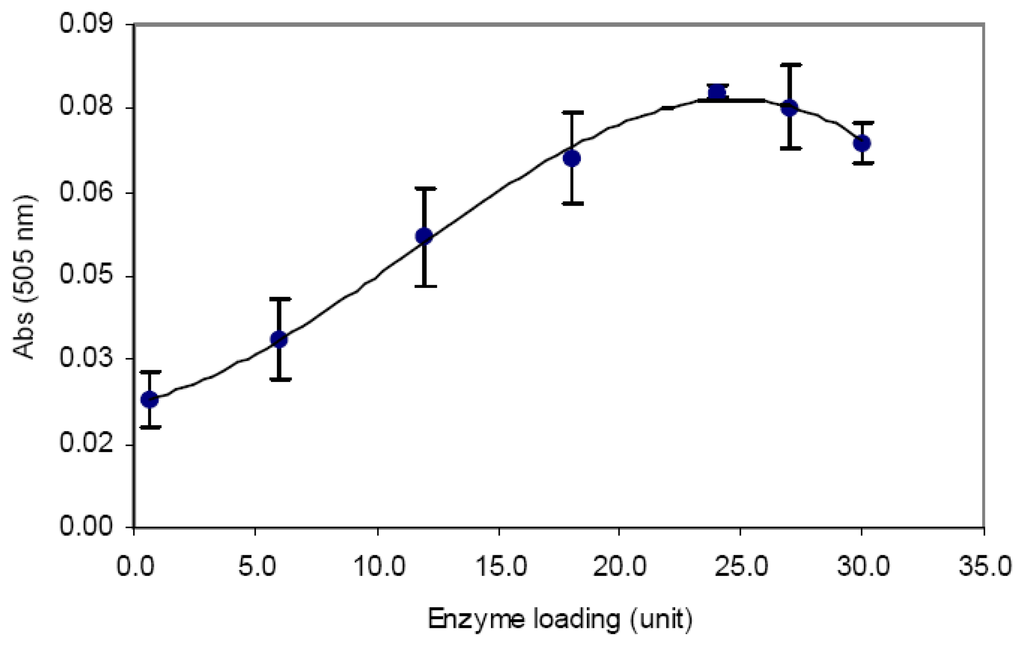 Figure 8 shows the effect of enzyme loading in a chitosan film of fixed area and thickness on the biosensor response. Upon increasing the enzyme loading, the biosensor response increased steeply to reach a maximum value when 24 unit of enzyme was employed. Protein assay was also carried out to estimate the amount of enzyme immobilized in chitosan film using method described by BIO-RAD []. It was found that approximately 50 % of laccase enzyme was entrapped in the chitosan film. Thus, 24 unit of enzyme was used for immobilization in the construction of the biosensor.
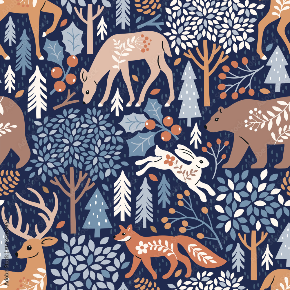 Seamless vector pattern with woodland animals, tree, berry and leaves. Hand drawn illustration of wildlife and nature. Perfect for textile, wallpaper or print design. #1734268957
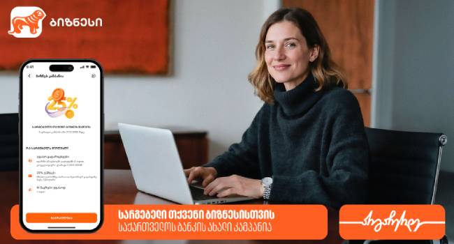 - 25%-იანი ქეშბექი Mastercard ბიზნეს ბარათზე, მაქსიმუმ 500 ლარამდე (ქეშბექი მოქმედებს კამპანიის პერიოდში შესრულებულ ტრანზაქციებზე).
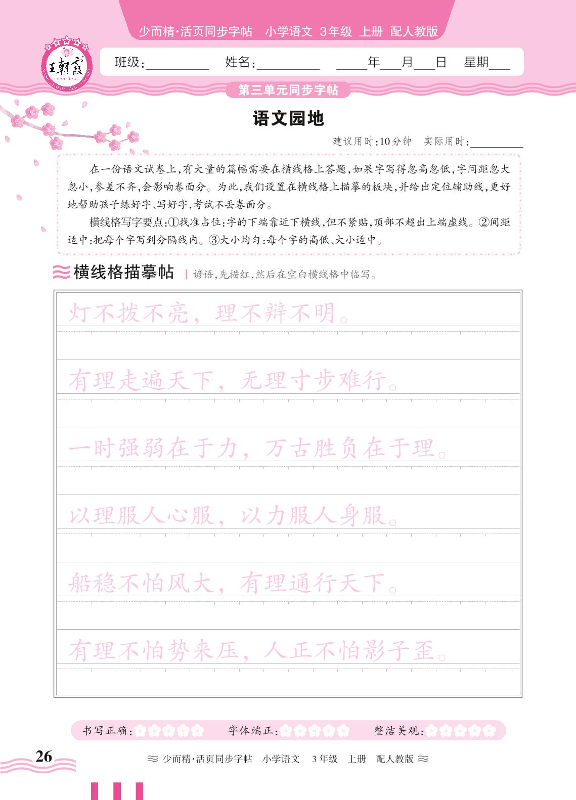 2024秋上册三年级语文人教版 第三单元同步字帖——语文园地

#### [INSTRUCTIONS FOR THE TASK]
Any picture in the material is to be dropped; the rest is repeated exactly.

#### [OUTPUT OF THE EXERCISE]
 Figure 8 shows the effect of enzyme loading in a chitosan film of fixed area and thickness on the biosensor response. Upon increasing the enzyme loading, the biosensor response increased steeply to reach a maximum value when 24 unit of enzyme was employed. Protein assay was also carried out to estimate the amount of enzyme immobilized in chitosan film using method described by BIO-RAD []. It was found that approximately 50 % of laccase enzyme was entrapped in the chitosan film. Thus, 24 unit of enzyme was used for immobilization in the construction of the biosensor.
 Seamless vector pattern with woodland animals, tree, berry and leaves. Hand drawn illustration of wildlife and nature. Perfect for textile, wallpaper or print design. #1734268957
 - 25%-იანი ქეშბექი Mastercard ბიზნეს ბარათზე, მაქსიმუმ 500 ლარამდე (ქეშბექი მოქმედებს კამპანიის პერიოდში შესრულებულ ტრანზაქციებზე).
 2024秋上册三年级语文人教版 第三单元同步字帖——语文园地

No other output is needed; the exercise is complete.